Serving size: about 4
Preparation time: about :20 minutes
1 large head romaine lettuce -- cut in 1 1/2 inch pieces---about 8-10 cups
1/2 cup + 8 tbsp. olive oil
3 cups French bread -- cut in 1/2 inch cubes
2 large cloves garlic -- peeled
8 anchovy filets (not white anchovies)
1 teaspoon Worcestershire sauce
1 teaspoon dry mustard (may substitute with 2 teaspoons prepared
1 1/2 tablespoons lemon juice -- fresh squeezed
1 teaspoon fresh ground black pepper
1/2 teaspoon kosher salt or other coarse ground salt
1 egg, x-large eggs -- coddled...a briefly cooked egg, see
1/2 cup grated parmesan cheese
1/4 cup parmesan cheese -- shredded or shaved
Trim the romaine lettuce of bruised or browned leaves, then cut into 1 1/2 inch pieces. Wash and drain the lettuce, pat it dry and refrigerate for 30 minutes to crisp the leaves. To make the croutons, heat the 1/2 cup olive oil in a saut pan over medium-high heat. Fry the bread cubes in the oil, tossing frequently, until they're crisp and golden. Drain the croutons on a paper towel until ready to use. Put the garlic cloves in a large wooden salad bowl. Mash the cloves against the sides of the bowl with the back of a wooden spoon
or a fork. Rub the pieces against the bowl until they begin to disintegrate. Remove
as much of the mashed garlic from the bowl as you can and discard.

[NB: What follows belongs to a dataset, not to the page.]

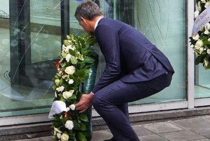 بعد ذلك، وضع رئيسا الوزراء أكاليل الزهور تكريما للفقيد، برفقة قميص كرة القدم السويدي، عند سفح المبنى الزجاجي. يمكن قراءة عبارة “إلى الأبد في أفكارنا” على إكليل الزهور.
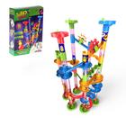 Набор состоит из прозрачных трубочек, разноцветных мостиков, извилистых дорожек и мельниц. Малыш без труда соорудит трассу любой длины и сложности и будет следить за перемещениями шариков.

The natural oils from the garlic will remain in the bowl and flavor the salad. Add the anchovies and repeat the procedure you used with the garlic, but leave the anchovy pieces in the bowl. Now add the dry mustard, Worcestershire sauce, lemon juice, white vinegar, black pepper, and egg and
then blend well. Slowly drizzle in the 8 tablespoons of olive
oil mixing with two forks or a wire whisk until a creamy mayonnaise type dressing forms. Add the lettuce, croutons, Parmesan cheese and salt. Toss everything together and serve directly from the salad bowl!
A coddled egg...put the raw egg in a coffee cup and
pour in boiling water to cover it, let it sit for 1
minute and then crack and add it to the other
ingredients, warmed to 120 degrees, so they are soft and
runny. Doing this makes the yolk slightly sticky and
improves the emulsification , thus making for a creamier
Note: This recipe is very close to the original version created in 1924 by Caesar
Cardini, an Italian restaurateur in Tijuana, Mexico.
Sauteed or steamed vegetables, chicken and shrimp may be added if you like! Simply cook them in a separate pan and add them to the top of the salad. This will create more of a lunch or dinner portion entree.